| Provided entries |

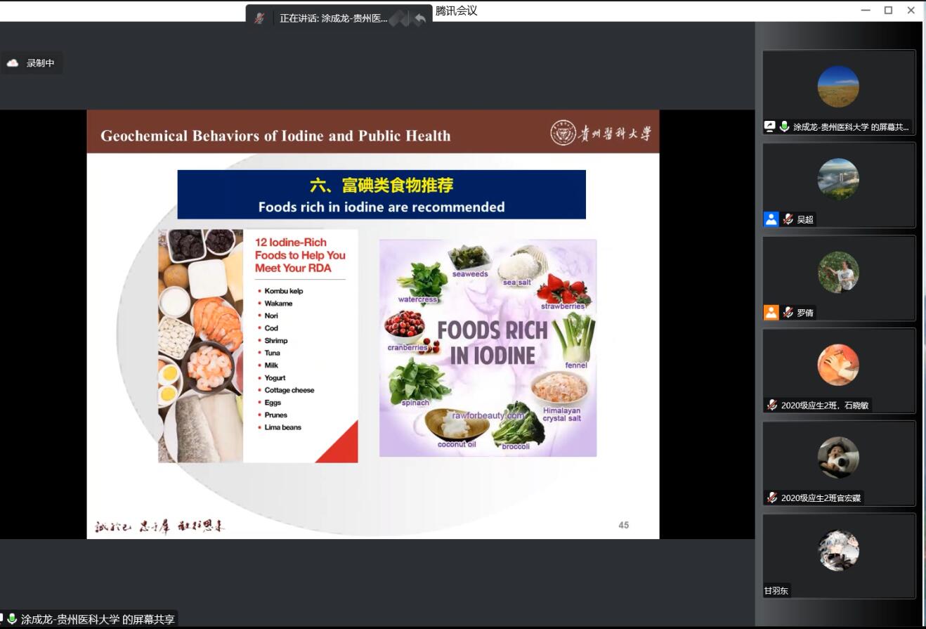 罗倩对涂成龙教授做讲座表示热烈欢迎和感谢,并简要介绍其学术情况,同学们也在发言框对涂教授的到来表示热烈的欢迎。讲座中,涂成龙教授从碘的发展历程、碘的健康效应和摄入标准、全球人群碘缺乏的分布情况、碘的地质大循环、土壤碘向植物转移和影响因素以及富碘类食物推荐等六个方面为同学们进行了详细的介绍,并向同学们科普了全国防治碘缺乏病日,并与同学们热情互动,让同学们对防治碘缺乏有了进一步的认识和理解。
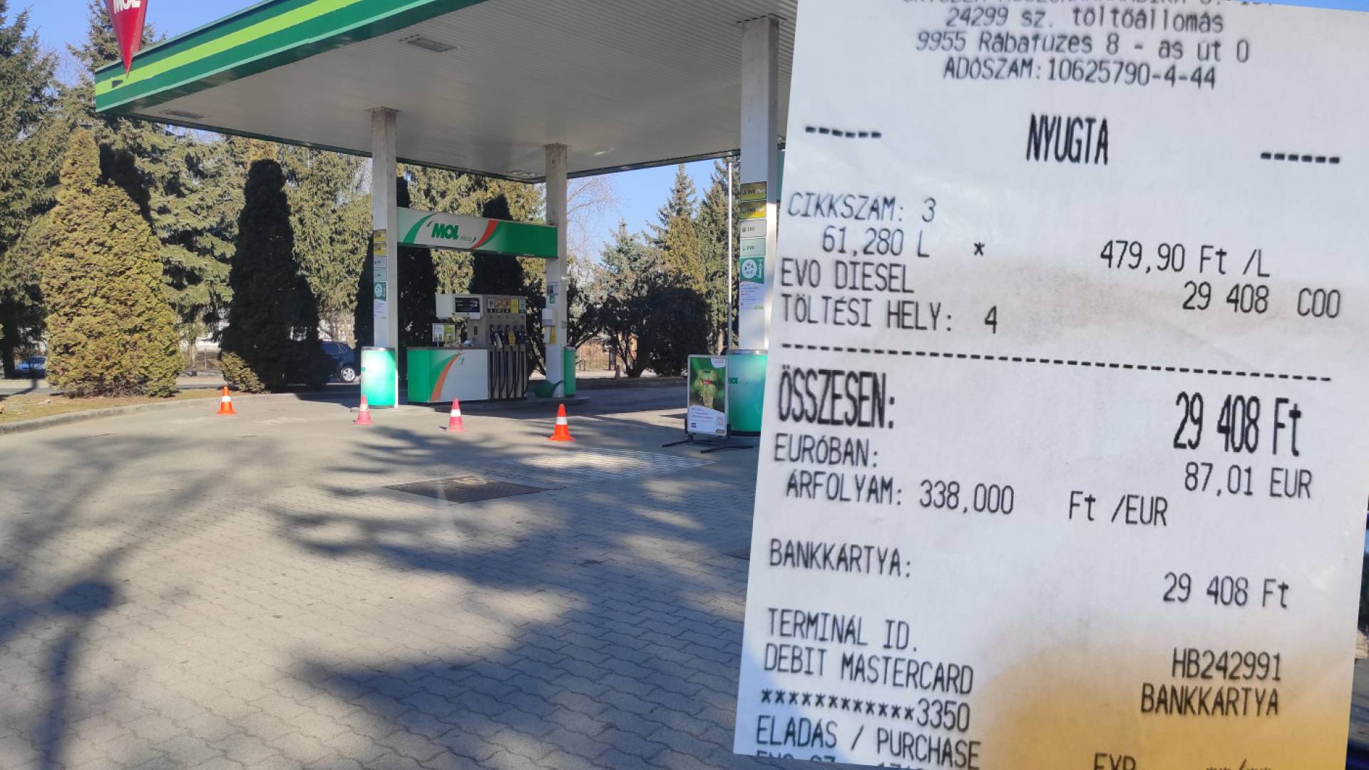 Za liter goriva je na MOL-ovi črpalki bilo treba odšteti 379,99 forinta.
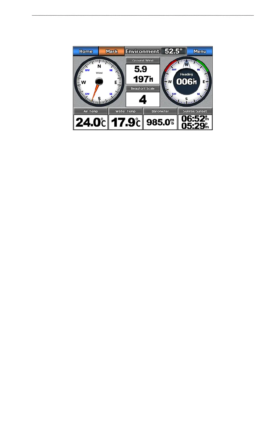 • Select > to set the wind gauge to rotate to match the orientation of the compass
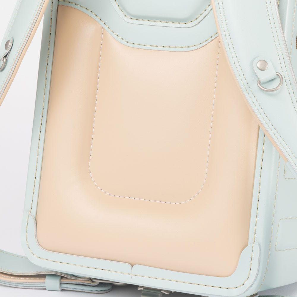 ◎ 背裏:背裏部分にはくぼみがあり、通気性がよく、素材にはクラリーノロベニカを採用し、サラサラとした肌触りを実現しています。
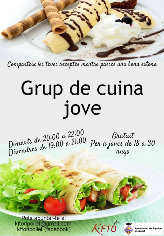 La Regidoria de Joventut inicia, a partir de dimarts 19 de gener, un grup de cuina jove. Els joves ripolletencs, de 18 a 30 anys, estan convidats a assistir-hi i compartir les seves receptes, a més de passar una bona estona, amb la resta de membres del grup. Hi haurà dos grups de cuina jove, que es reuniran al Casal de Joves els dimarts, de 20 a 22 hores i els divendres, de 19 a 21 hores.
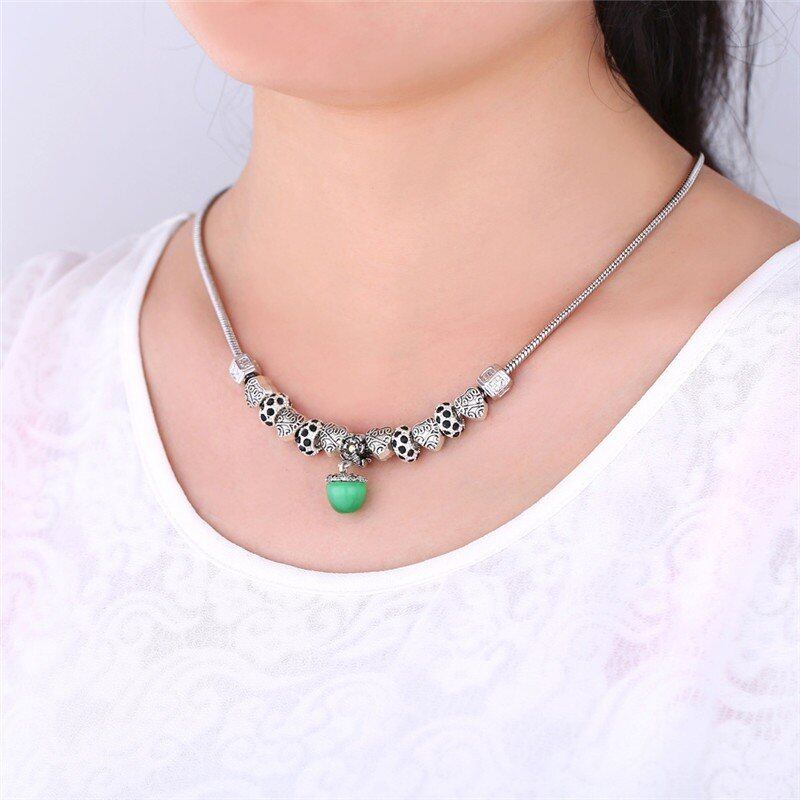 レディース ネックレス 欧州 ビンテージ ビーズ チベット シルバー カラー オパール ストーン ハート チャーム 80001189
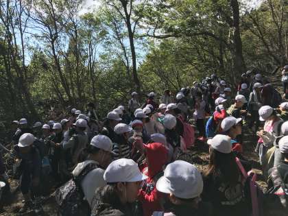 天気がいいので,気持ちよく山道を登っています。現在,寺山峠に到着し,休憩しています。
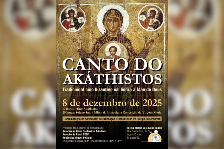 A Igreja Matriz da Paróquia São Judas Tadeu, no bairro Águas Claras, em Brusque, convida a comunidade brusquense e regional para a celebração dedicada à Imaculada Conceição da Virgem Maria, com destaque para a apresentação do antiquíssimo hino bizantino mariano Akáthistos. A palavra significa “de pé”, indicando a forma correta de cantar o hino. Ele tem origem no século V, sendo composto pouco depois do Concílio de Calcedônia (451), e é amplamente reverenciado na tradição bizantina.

| Exercise objective |
In the entries above, find the line containing "Za liter goriva", then please retype it and every line after it through the last, exactly as written, omitting pictures.

| The completed task |
 Za liter goriva je na MOL-ovi črpalki bilo treba odšteti 379,99 forinta.
 • Select > to set the wind gauge to rotate to match the orientation of the compass
 ◎ 背裏:背裏部分にはくぼみがあり、通気性がよく、素材にはクラリーノロベニカを採用し、サラサラとした肌触りを実現しています。
 La Regidoria de Joventut inicia, a partir de dimarts 19 de gener, un grup de cuina jove. Els joves ripolletencs, de 18 a 30 anys, estan convidats a assistir-hi i compartir les seves receptes, a més de passar una bona estona, amb la resta de membres del grup. Hi haurà dos grups de cuina jove, que es reuniran al Casal de Joves els dimarts, de 20 a 22 hores i els divendres, de 19 a 21 hores.
 レディース ネックレス 欧州 ビンテージ ビーズ チベット シルバー カラー オパール ストーン ハート チャーム 80001189
 天気がいいので,気持ちよく山道を登っています。現在,寺山峠に到着し,休憩しています。
 A Igreja Matriz da Paróquia São Judas Tadeu, no bairro Águas Claras, em Brusque, convida a comunidade brusquense e regional para a celebração dedicada à Imaculada Conceição da Virgem Maria, com destaque para a apresentação do antiquíssimo hino bizantino mariano Akáthistos. A palavra significa “de pé”, indicando a forma correta de cantar o hino. Ele tem origem no século V, sendo composto pouco depois do Concílio de Calcedônia (451), e é amplamente reverenciado na tradição bizantina.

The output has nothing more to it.